Provided data:

..............................

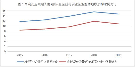 从质押率角度来看,图7反映了A股实业企业与净利润连续增长的A股实业企业股权质押比例的增长情况。2015年~2018年,企业的质押比例逐年增长,直到2019年有一个明显的回落。但是能够看到,净利润连续增长的A股实业企业整体质押率明显低于A股企业的平均水平。所以反过来说,净利润连续增长的A股实业企业质押率总体可控,这也正是企业进行风险管控的基本内容,包括做好现金管控,要有足够的现金储备来抵抗经济增长的趋缓。
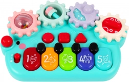 V horní části pianka jsou umístěna rotační ozubená kola, které dítě může otáčet, čímž si cvičí koordinaci ruka-oko a jemnou motoriku. Díky kompaktnímu rozměru je hračka ideální jak pro domácí hraní, tak na cesty. Vyrobena je z bezpečných materiálů a má příjemné pastelové barvy.
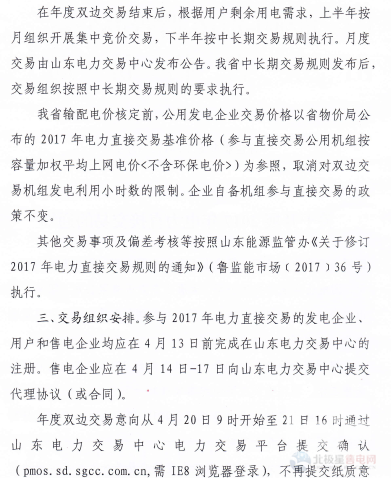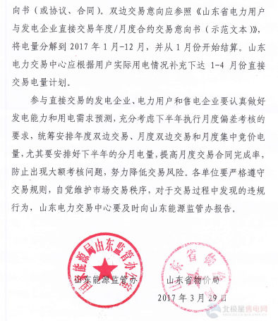 山東《關(guān)于開展2017年電力直接交易的通知》發(fā)布

..............................

Work instructions: In full and without error, repeat the listing above, omitting its images.

Solution for this exercise:
 从质押率角度来看,图7反映了A股实业企业与净利润连续增长的A股实业企业股权质押比例的增长情况。2015年~2018年,企业的质押比例逐年增长,直到2019年有一个明显的回落。但是能够看到,净利润连续增长的A股实业企业整体质押率明显低于A股企业的平均水平。所以反过来说,净利润连续增长的A股实业企业质押率总体可控,这也正是企业进行风险管控的基本内容,包括做好现金管控,要有足够的现金储备来抵抗经济增长的趋缓。
 V horní části pianka jsou umístěna rotační ozubená kola, které dítě může otáčet, čímž si cvičí koordinaci ruka-oko a jemnou motoriku. Díky kompaktnímu rozměru je hračka ideální jak pro domácí hraní, tak na cesty. Vyrobena je z bezpečných materiálů a má příjemné pastelové barvy.
 山東《關(guān)于開展2017年電力直接交易的通知》發(fā)布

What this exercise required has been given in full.